Russ Koesterich, global chief investment strategist at BlackRock expects higher volatility to continue for the foreseeable future and said in a blog the selloff has created a number of potential opportunities for investors with longer-term holding periods according to his analysis using Bloomberg data.

Koesterich said European equities have been excessively hard hit investors may be exaggerating Europe’s exposure to China.

“The MSCI Emerging Markets Index, which has been particularly hard hit, is trading at less than 12x earnings and barely 1.25x book, a level last seen during the lows in early 2009,” Koesterich added. “The selling has even restored some value to US equities and there’s a similar story in credit.

Goldman Sachs said in a report that the drop in commodity prices during the past year and recent economic and foreign exchange weakness in China and other emerging markets will not tip the global economy into recession.

“We maintain our view that commodities will underperform and remain underweight. Short term, we reduce equities to neutral but remain overweight over 6 and 12 months as this remains our preferred asset class. We reiterate our view that developed equity markets will outperform emerging markets,” said Goldman.
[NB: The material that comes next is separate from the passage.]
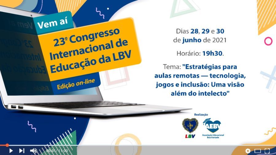 De 28 a 30 de junho, professores e educadores vão apresentar estratégias educacionais e práticas pedagógicas como contribuição à educação brasileira e internacional durante a edição on-line do 23º Congresso Internacional de Educação da LBV, sob o tema “Estratégias para aulas remotas — tecnologia, jogos e inclusão: uma visão além do intelecto”.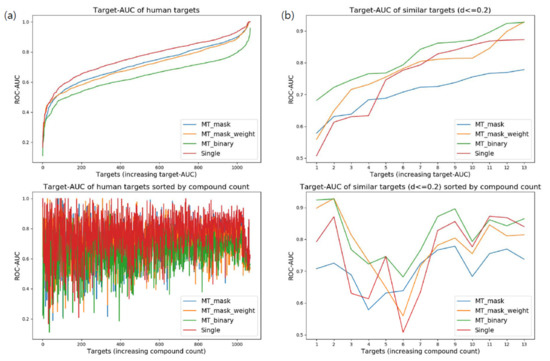 When testing overall human targets without considering similarity, the prediction performance of single-task learning outperformed that of multi-task learning. Surprisingly, target-AUC for the single-task network generally showed better performance across targets (Figure 3a). More than 70% of targets displayed their best performance when trained by single-task learning. However, the low minimum target-AUC for single-task learning remained a defect. The failure of multi-task learning might be caused by insufficient training for the difference between dissimilar targets. As multi-task networks share hidden layers across targets, the difference between targets should be trained by target-specific layers. This result implies the importance of target selection for fine multi-task learning (Table 4).

The bank’s economics team cautioned against taking too big a global growth signal away from the weakness in China and its impact on commodity market weakness.

The report said: “They believe develop market growth (at least in the US and Europe) is fundamentally sound, will not be very sensitive to China and emerging market weakness, and will get a decent offsetting boost from even lower oil prices. While there may be risks to the downside based on confidence effects, and while inflation may be lower as a result, we remain of the view that a global recession is very unlikely.”